Friday, November 4, 2016

Douglas Messerli | "Are You Sure?" (on Tammy Grimes)

are you sure?
by Douglas Messerli

The great performer Tammy Grimes, who died the other day at the age of 82, is known best for her energetic performance in Meredith Willson’s popular Broadway musical, The Unsinkable Molly Brown, and a later performance in Noel Coward’s musical version of High Spirits      
      She was wonderful in both of those, and I recall her singing, those wonderful dark, husky barks, in my childhood listening of the Willson musical, the original album of which I still own, but can longer hear since our old stereo system has broken down—as have so many of our long-used condominium appliances and kitchen cabinets.
        I listened to a great many of those songs again the other day on U-Tube and other on-line sources, enjoying them, particularly Belly Up to the Bar Boys and I Ain’t Down Yet, and even rediscovering the quite beautiful Are You Sure?—a piece I’d completely forgotten from the original—that was a sort of religious revival piece that certainly spoke to this volume’s concerns about “how to believe.” Molly insists that those who have thought God has dismissed them, simply don’t comprehend how he might have dismissed their empty prayers.

       I won’t discuss, at length, the differences between Grimes and the motion picture depiction of her character by Debbie Reynolds. Reynolds was certainly right in declaring this was her picture, although the exuberance in which she plays the “unsinkable” figure loses all the dark and more disturbing sexual innuendos of Grimes far deeper acting. I’m not sure Grimes might have translated as easily as Reynolds to the wide-screen, although it might have been wonderful to hear that smoky, bar-infused voice on film instead of Reynolds pure, shrill, yet merry, implorations.
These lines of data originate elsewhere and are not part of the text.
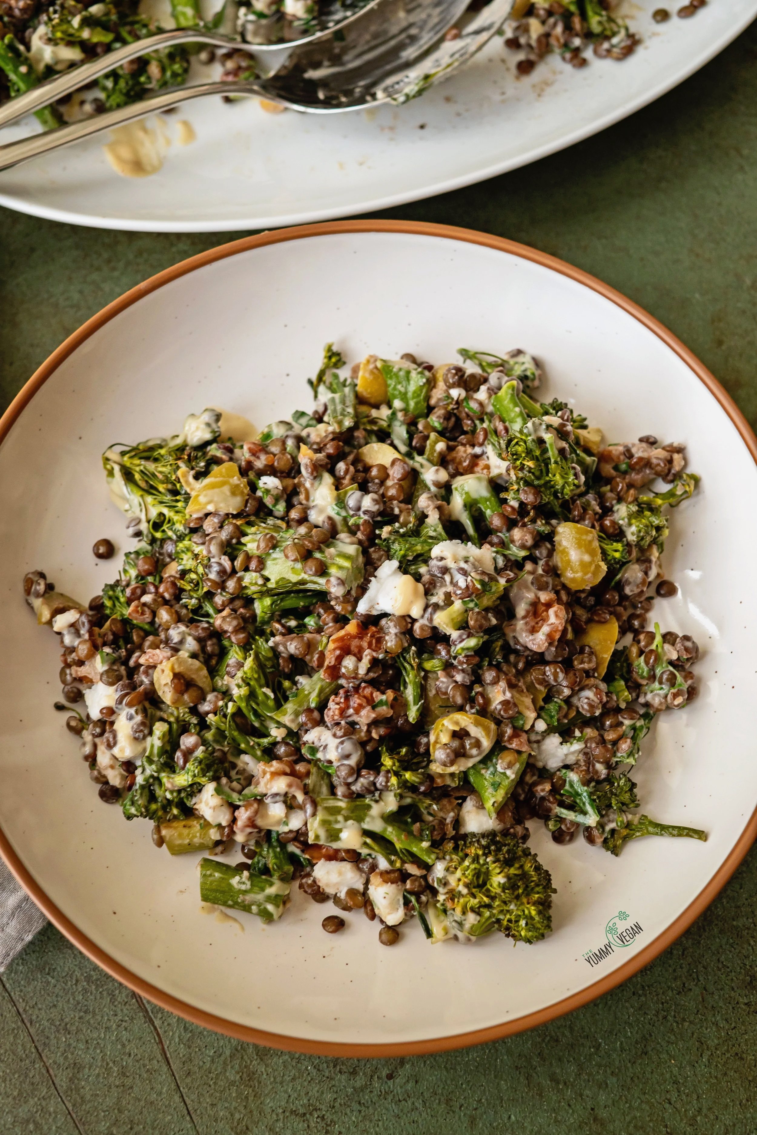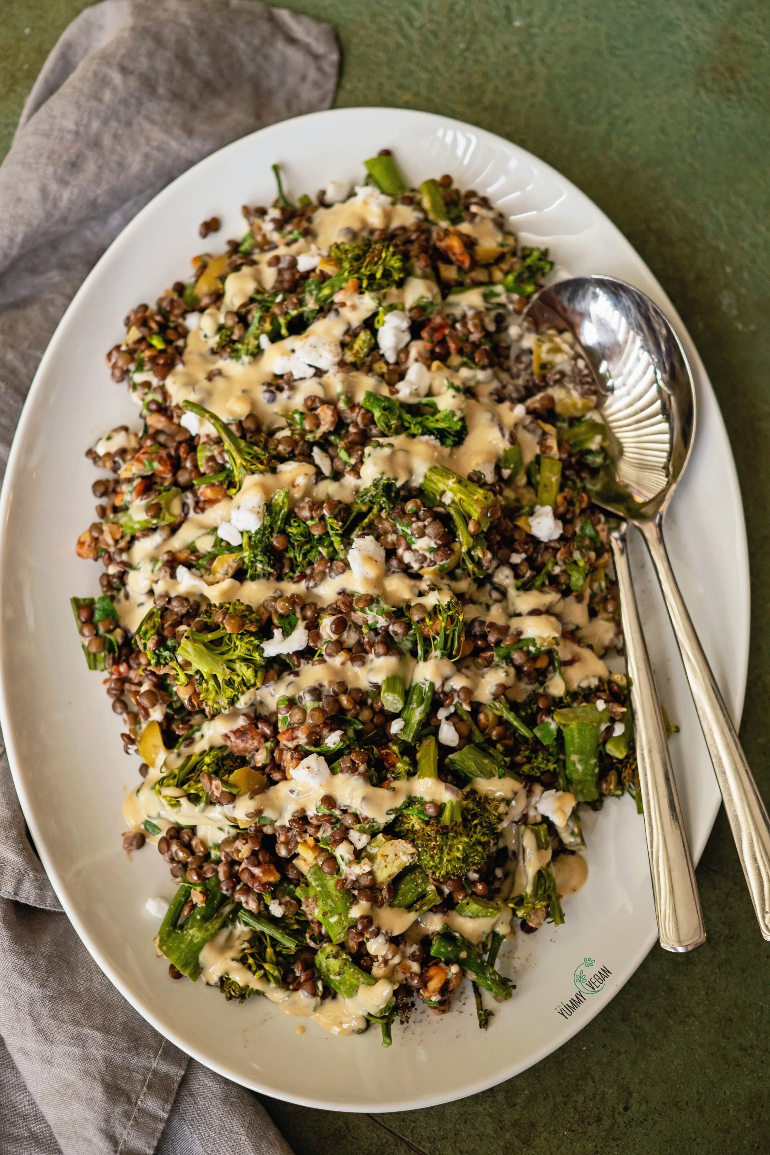 This hearty salad is packed with fiber and plant-based protein from lentils and broccolini, making it both nourishing and satisfying. Creamy vegan feta and briny olives add a pleasant tang, while toasted walnuts bring crunch and healthy fats. Fresh herbs and a rich, creamy tahini dressing tie everything together for a vibrant, well balanced flavor.
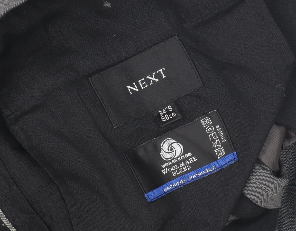 Next Men's Grey Dress Pants 34S Pleated Check Formal
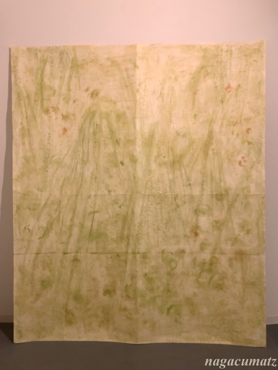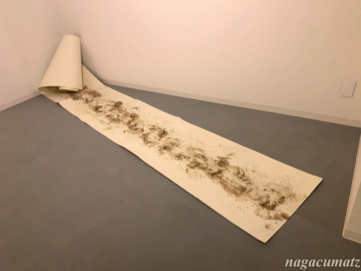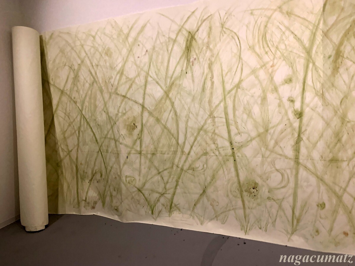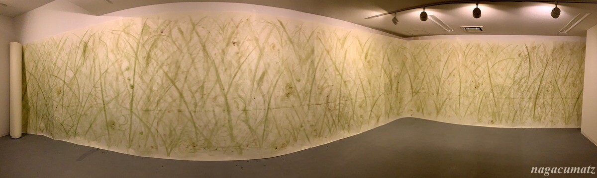 生の植物であr花・草・根・枝などを手で紙や壁などに擦り付けて絵を描く村上氏考案の「緑画(りょくが)」と言う手法を用いている。絵の色彩は紅葉するように変化していくのだそう。大きな巻紙に土や草を使って描かれているので、その匂いがする。視覚からだけでなく嗅覚からも体感する為に空調を24時間かけてドアなどは開けずにキープしておられる。
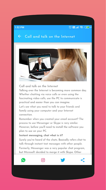 Basic Computer Knowledge Free application, you learn basic elements to use the computer, as well as the basic knowledge to navigate the Internet, use email, social networks and understand basic concepts of computer.

      I also listened to several other of Grimes singing, including her remarkable jazz rendition of Miss Otis Regrets (She’s Unable to Lunch Today), evidently never released [on the same unauthorized disk was another memorable piece by theater stalwart Nancy Walker]—the Cole Porter standard of 1934—Duke Ellington’s Sophisticated Lady, and even Randy Newman’s I Can’t Ever Remember Loving You, which made me realize that, although she was clearly also a remarkable actress, she should have made much more a career as a singer; although she did perform at the Persian Room in at the Plaza Hotel, she might have been perceived as the much more remarkable singer had she had stints in her day at the Carlyle and other such venues. As great an actress and Broadway baby she was, which she quite beautifully reveals in her song You Better Love Me from High Spirits, her throaty, cigarette-infused torch songs reveal her true talent.

       If Willson’s raucous rags-to-riches musical gained her international attention, it was her subtle comprehension of musical standards that revealed her true talents, which I wish might have been better revealed. Yes, Tammy Grimes still had a remarkable career—with dozens of movie appearances, a short-lived television feature, and at least 14 Broadway appearances, two of them awarding her a Tony. You can’t dismiss that kind of record!
      Yet…I keep feeling only if. As one of my Facebook friends reported, she was a silent talent, a statement to which I replied, “Well, I would hardly choose to call Tammy Grimes ‘silent.’” Yet, as he explained, what he meant is that she was basically unknown and unrecognized. How sad to think that—and how unnecessary—given her truly immense talents.


Los Angeles, November 4, 2016

Reprinted from US Theater, Opera, and Performance (November 2016).